- Sire: Flashback
- Grandsire: Tapit
- Dam: Rose and Shine
- Damsire: Mr. Sekiguchi
- Sex: Filly
- Foaled: 23 March 2017
- Died: 1 October 2021 (aged 4)
- Country: United States
- Color: Chestnut
- Breeder: Hargus Sexton, Sandra Sexton, Silver Fern Farm
- Owner: Michael Dubb, Elkstone Group, Madaket Stables, Bethlehem Stables
- Trainer: Brad H. Cox
- Record: 5: 3-1-0
- Earnings: $1,442,139

Major wins
- Alcibiades Stakes (2019)Breeders' Cup wins: Breeders' Cup Juvenile Fillies (2019)

Awards
- American Champion Two-Year-Old Filly (2019)

= British Idiom =

American racehorse

British Idiom (March 23, 2017 – October 1, 2021) was an American Thoroughbred racehorse who won the Alcibiades Stakes and Breeders' Cup Juvenile Fillies in 2019, earning the title of Champion Two-Year-Old Filly for the year.

==Background==
British Idiom is a chestnut filly who was bred in Kentucky by Hargus Sexton, Sandra Sexton and Silver Fern Farm. She is the first graded stakes winner for her sire Flashback, a stakes-winning son of leading sire Tapit. Her dam Rose and Shine was a stakes winner in Canada.

British Idiom was sold for $40,000 at the Fasig-Tipton 2018 Yearling Sale. Her new owners, Michael Dubb, The Elkstone Group, Madaket Stables and Bethlehem Stables, sent her into training with Brad Cox. The same partnership campaigned Monomoy Girl, the champion three-year-old filly of 2018.

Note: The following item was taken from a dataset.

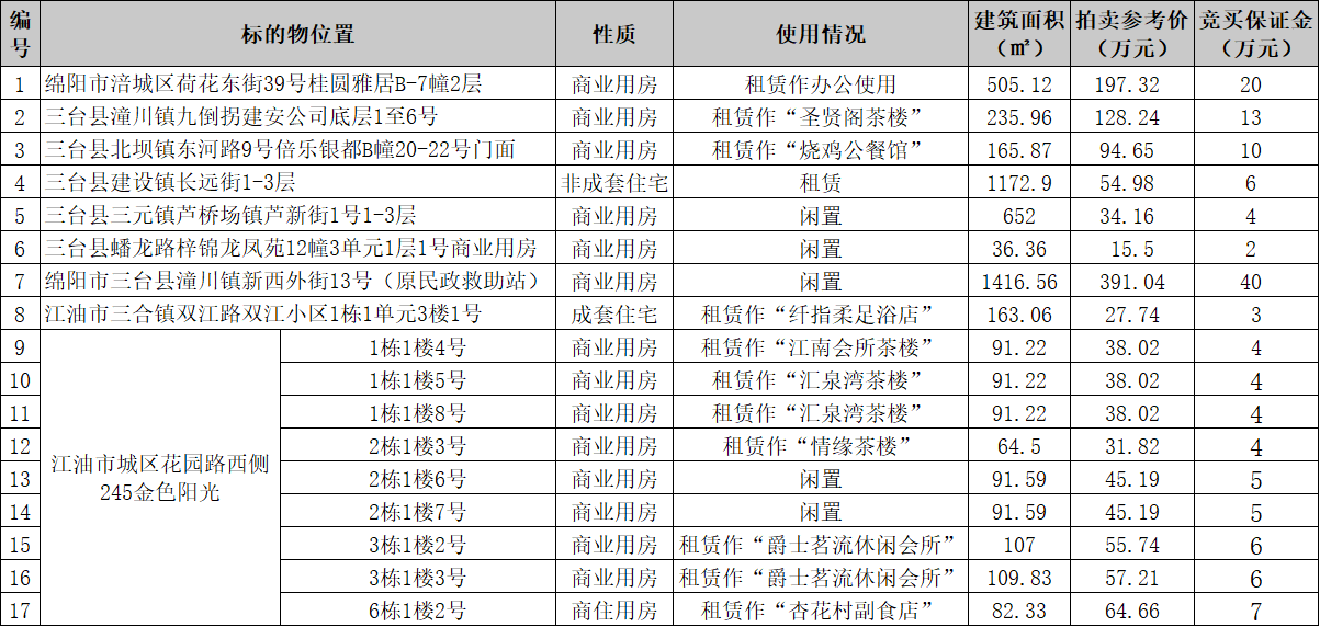 特别声明:1.标的物按实物现状拍卖。2.公告中的面积仅供参考,面积多少不影响其成交价。3.从委托人到买受人的权属变更登记过户的税款由委托人和买受人按国家规定各自承担应缴部分,从委托人到买受人的权属变更登记过户的办证工本费用由买受人承担。4.竞买成功,在买受人交清全部拍卖成交价款之前,标的物产生的各种费用由委托人承担;竞买成功,自买受人交清全部拍卖成交价款之日起,标的物产生的各种费用由买受人承担。5.房屋承租人享有优先购买权。6.买受人从竞买成功并交清全部价款之日起享有房屋所有权;从付清全部拍卖成交款项的次月起享有租金收益权。7.标的物的状况由买受人自行查勘、核实。8.拍卖成交并交清全部拍卖成交款项后,由竞买人自行对标的物进行清场接收;全额支付拍卖成交款项后由买受人自行办理产权变更登记,如未及时办理产权过户登记造成的法律后果由买受人自行承担。9.标的物现有及未知瑕疵,本公司不承担任何担保责任。10.本场拍卖会拍卖方式为有保留底价增价式拍卖,保留底价即为起拍价。

Stuart Grant, one of her co-owners, said her name was inspired by some British friends of his. "Who doesn't love a great British Idiom?" he said.

==Racing career==
British Idiom made her first start on August 15, 2019, at Saratoga in a maiden special weight race for horses that had been sold for $45,000 or less. She challenged the early pace and then edged away during the stretch to win by 3 1/2 lengths.

She made her stakes debut in the Alcibiades Stakes at Keeneland on October 4. She rated in third behind the early pace set by Spitefulness while racing four wide, then made her move on the far turn. She drew away in the stretch for a 6 1/2 length victory.

That win earned her an automatic berth in the Breeders' Cup Juvenile Fillies, held on November 1 at Santa Anita Park. She broke slowly and was bumped as the horses entered the first turn. She then settled while saving ground on the rail down the backstretch. On the far turn, she shifted to the outside and started closing ground. She gradually made up ground on Donna Veloce, and the two battled for the final furlong with British Idiom prevailing by a neck.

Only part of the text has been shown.